Delhi Battles Millions of Duplicate Records in Government Databases
As government portals and civic databases buckle under years of redundant digital records, Delhi is scrambling to clean up a mess that comparable megacities began fixing years ago.
As government portals and civic databases buckle under years of redundant digital records, Delhi is scrambling to clean up a mess that comparable megacities began fixing years ago.

Delhi's municipal and state government databases contain tens of thousands of duplicate photographic records — property documents, ration card images, voter ID photographs and heritage site inventories — spread across at least four separate agencies that do not talk to each other. The problem is not new, but pressure to fix it has sharpened in 2026 as the Aam Aadmi Party government pushes a digitalisation drive ahead of the next civic election cycle, and as the Delhi Metro Rail Corporation prepares to onboard commuters onto a unified smart-card system tied to biometric data under Phase 4 expansion work along the Janakpuri West–RK Ashram corridor.
Why does this matter right now? Duplicate image records create real administrative friction: property title disputes in congested colonies like Shahjahanabad in Old Delhi and Uttam Nagar in the west have been delayed for months when land registry offices pull contradictory photographic evidence stored under different file identifiers in the Delhi Revenue Department's legacy system. Welfare disbursements under the Mukhyamantri Mahila Samman Yojana have reportedly stalled in individual cases because of mismatched beneficiary photographs across the Delhi government's JAM — Jan Dhan, Aadhaar, Mobile — verification pipeline, though the government has not published aggregate data on the scale of disruption.
The comparison with Mumbai is instructive. The Brihanmumbai Municipal Corporation completed a deduplication audit of its property photograph database in March 2025, contracting the work to the National Informatics Centre at a cost the BMC placed on public record at roughly ₹4.2 crore. London's Government Digital Service published a cross-departmental image deduplication standard in 2022 that required all borough councils to adopt perceptual hashing — a technique that flags visually similar images without storing additional copies — by January 2024. São Paulo's Prefeitura launched a similar programme through its Secretaria Municipal de Inovação e Tecnologia in late 2023, targeting duplicates inside its urban planning cadastre ahead of a major zoning reform.
Delhi has no equivalent published timeline or contracted programme. The Delhi e-Governance Society, which sits under the Department of Information Technology and operates the state data centre on Laxmi Nagar's Vikas Marg, has circulated internal proposals for a deduplication framework since at least 2023, according to procurement notices visible in the public tender portal. None have resulted in a awarded contract as of July 2026. The society did not respond to a request for comment sent Thursday.

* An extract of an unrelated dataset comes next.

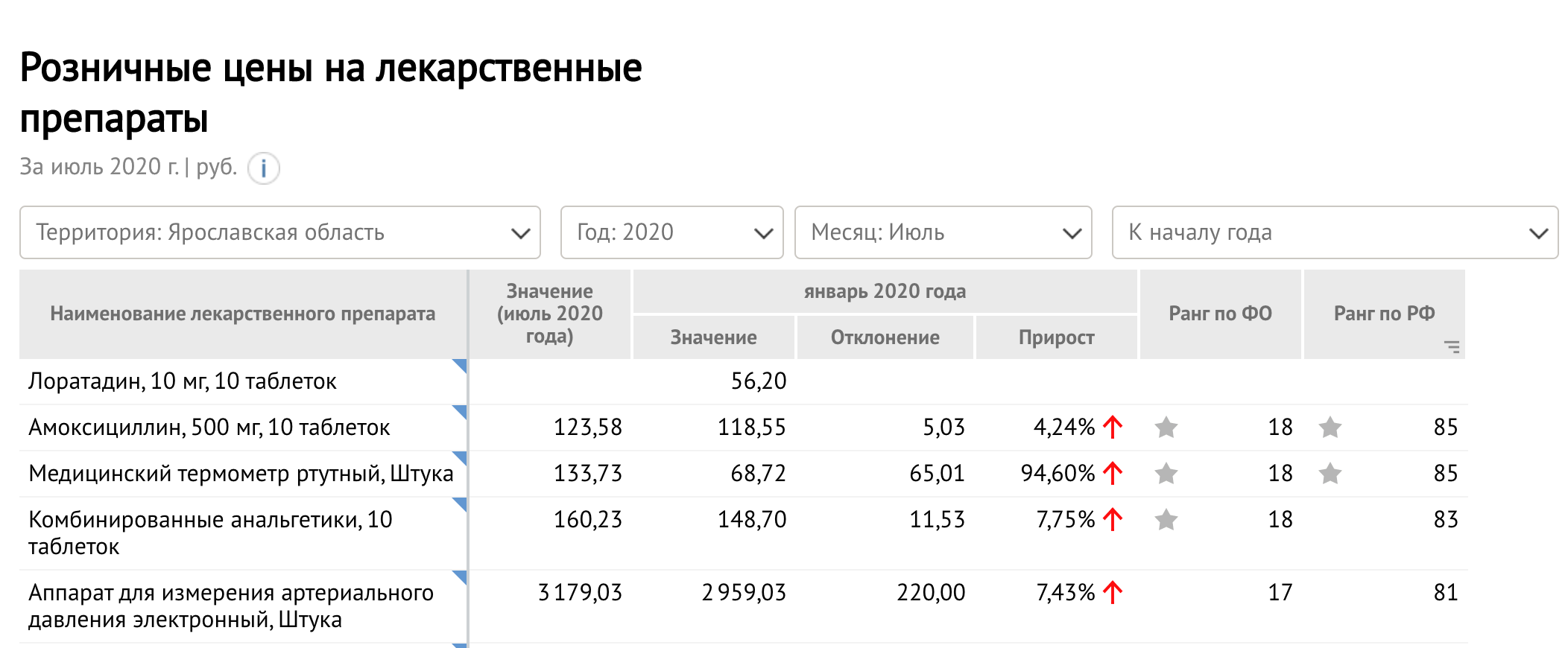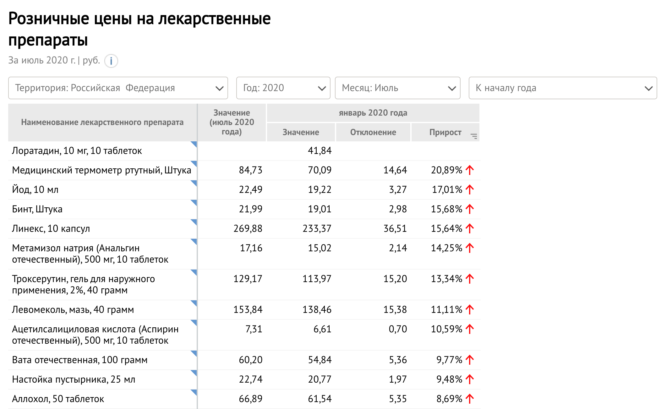 В IМониторинг доступна информация по розничным ценам на лекарственные препараты на 1 августа 2020 года. Наибольшим образом к началу года в среднем по стране подорожали медицинские ртутные термометры. Цена на них с начала года увеличилась на 21% или 14,64 рублей и составила 84,73 рубля.

The Delhi Urban Heritage Foundation, a non-profit that maintains a photographic archive of monuments in areas including Mehrauli and Nizamuddin, ran its own internal deduplication exercise in 2024 using open-source tools and found that roughly 30 percent of the images in its 80,000-photograph archive were exact or near-exact duplicates consuming unnecessary server storage. The experience illustrated both the scale of the problem and the relative accessibility of off-the-shelf solutions — tools that municipal agencies have been slow to adopt.
Three practical steps define what cities that have moved ahead look like. First, they set a single nodal agency — not four competing directorates — to own the deduplication mandate. Second, they publish a data standard so that images ingested from new sources are hash-checked on entry rather than retrospectively cleaned. Third, they attach a budget line and a deadline to the work rather than leaving it inside a broader digitalisation aspiration.
For Delhi, the Phase 4 Metro expansion creates a forcing function. The DMRC has set an internal target of integrating its smart-card customer database with the state's OneDelhi app by the time the Janakpuri West–RK Ashram Marg stretch opens, a date the corporation has indicated falls in late 2027. Duplicate photographs in the identity layer of that integration will cause exactly the kind of card-rejection errors at Rohini sector stations and Dwarka interchange points that erode public trust in the system far more visibly than a slow land registry. Fixing the backend now, before millions of new commuter records are added, costs a fraction of what a post-launch cleanup would require. Mumbai learned that lesson. Delhi still has a narrow window to act before it has to relearn it the hard way.